* _Action item_: Scan the lines below; pull out those with "全市秋の大掃除運動".

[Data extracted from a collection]

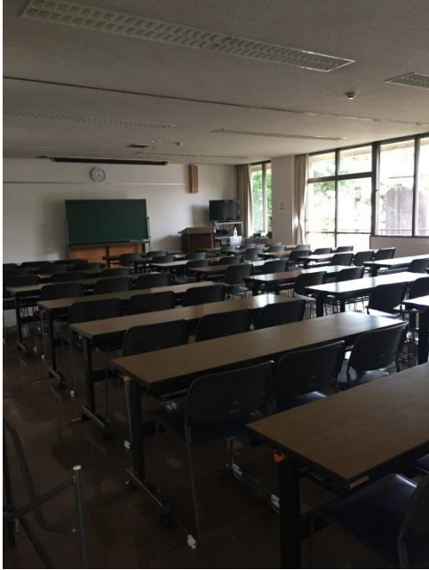
⑩ 会議室 (第1会議室と第2会議室をつなげた場合)
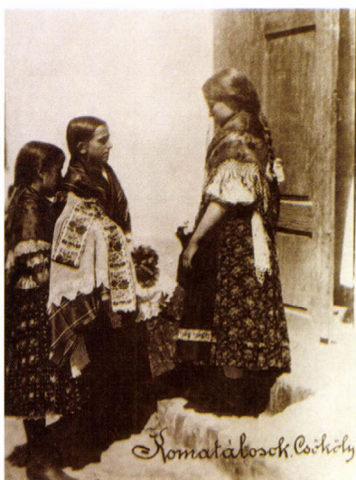
Komatálvivő kislányok Csökly, 1936
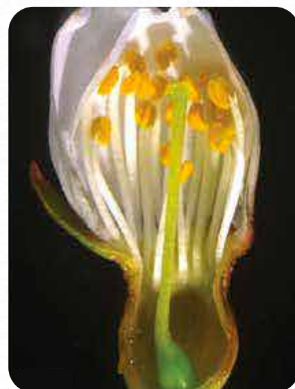
Corte transversal Botón Blanco
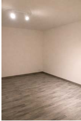
Bureau privatif ou Espace archive ~11 m 2 — parquet
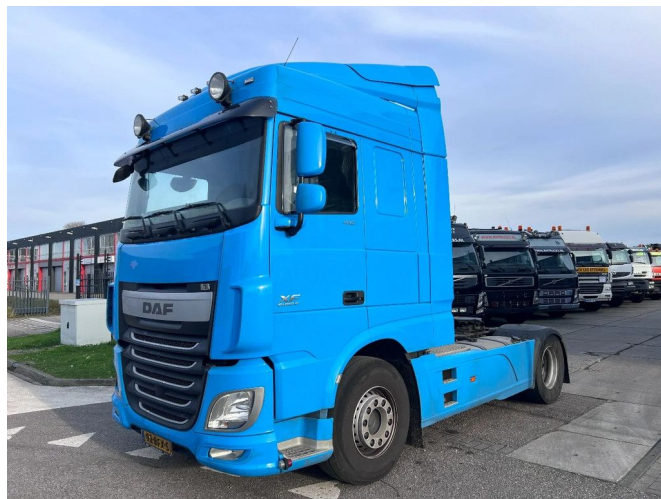
DAF XF 410 SC 4X2 EURO 6
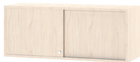
Armário Suspenso Fechado L x A x P 100, 120, 140, 160, 180 x 40 x 37
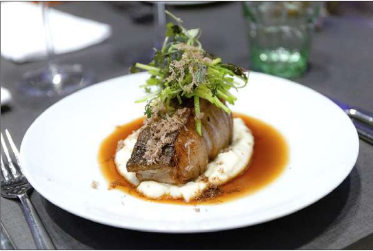
Pääruoksi tarjoiltava turskanseläke, merirapuliemi ja talvitryffeli muodostavat trendikkään, umamipitoisen annoksen.

Gillet on Ravintolakolmio-konserniin kuuluvista ravintoloista
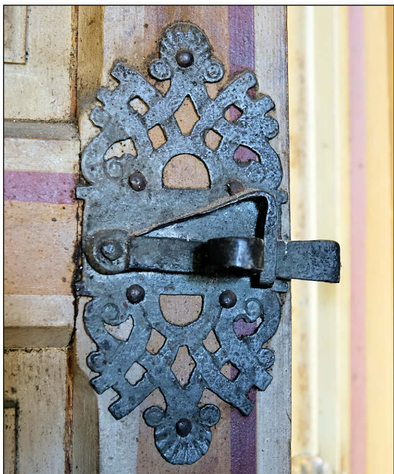
Fig. 5.2. Loquet
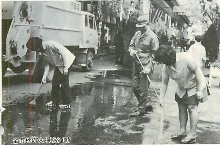
全市秋の大掃除運動

さあ夏に溜った「ほこり・ごみ」を追放しましょう。市は市民憲章の実践項目のひとつとして、清掃運動をすすめています。9月15日から1カ月間「全市秋の大掃除運動」を次の要領で実施しますので、ご協力ください。
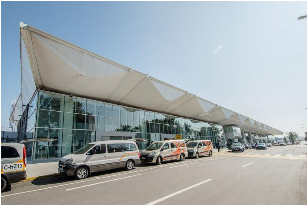
Aeropuerto Cerro Moreno de Antofagasta // II Región // Chile
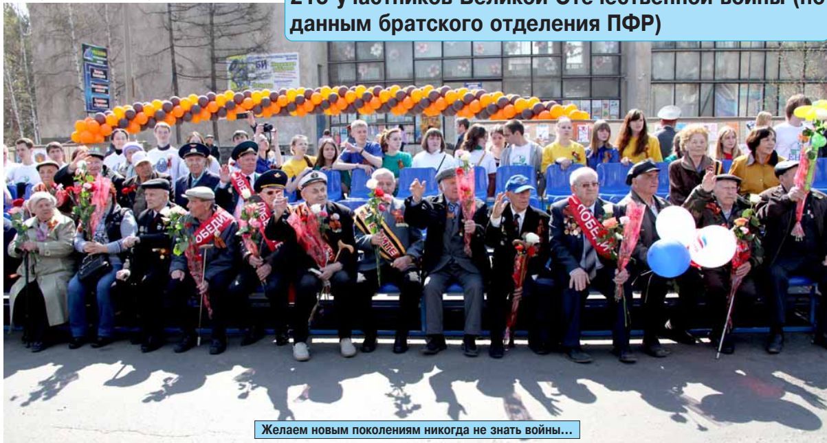
Желаем новым поколениям никогда не знать войны...

В Братске и Братском районе проживают сегодня 215 участников Великой Отечественной войны (по данным братского отделения ПФР)
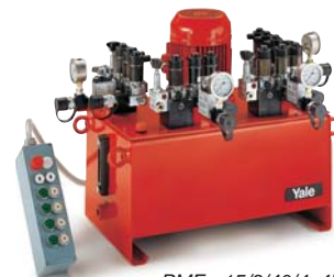
PMF - 15/3/40/4x4E

zum synchronen (druckunabhängigen und gleichzeitigen) Ausfahren von 4 Hydraulikzylindern, angesteuert durch eine Kabel-Fernbedienung, welche ein hohes Maß an Beweglichkeit der Bedienungsperson sicherstellt. Die Elektromagnetventile mit zusätzlichen Drosselrückschlagventilen erlauben ein sehr genaues Ansteuern und gefühlvolles Absenken der angeschlossenen Hydraulikzylinder.
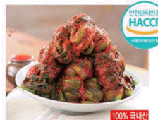
여수 돌산 갓김치

여수돌산갓김치 4kg + 고들빼기 1kg 총 5kg 59,800원 고들빼기 4kg + 여수돌산갓김치 1kg 총 5kg 79,800원
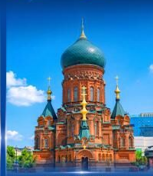
โบสถ์เซ็นต์โซเฟีย
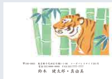
245 添書き・書体変更不可

* _Answer space_:
全市秋の大掃除運動
さあ夏に溜った「ほこり・ごみ」を追放しましょう。市は市民憲章の実践項目のひとつとして、清掃運動をすすめています。9月15日から1カ月間「全市秋の大掃除運動」を次の要領で実施しますので、ご協力ください。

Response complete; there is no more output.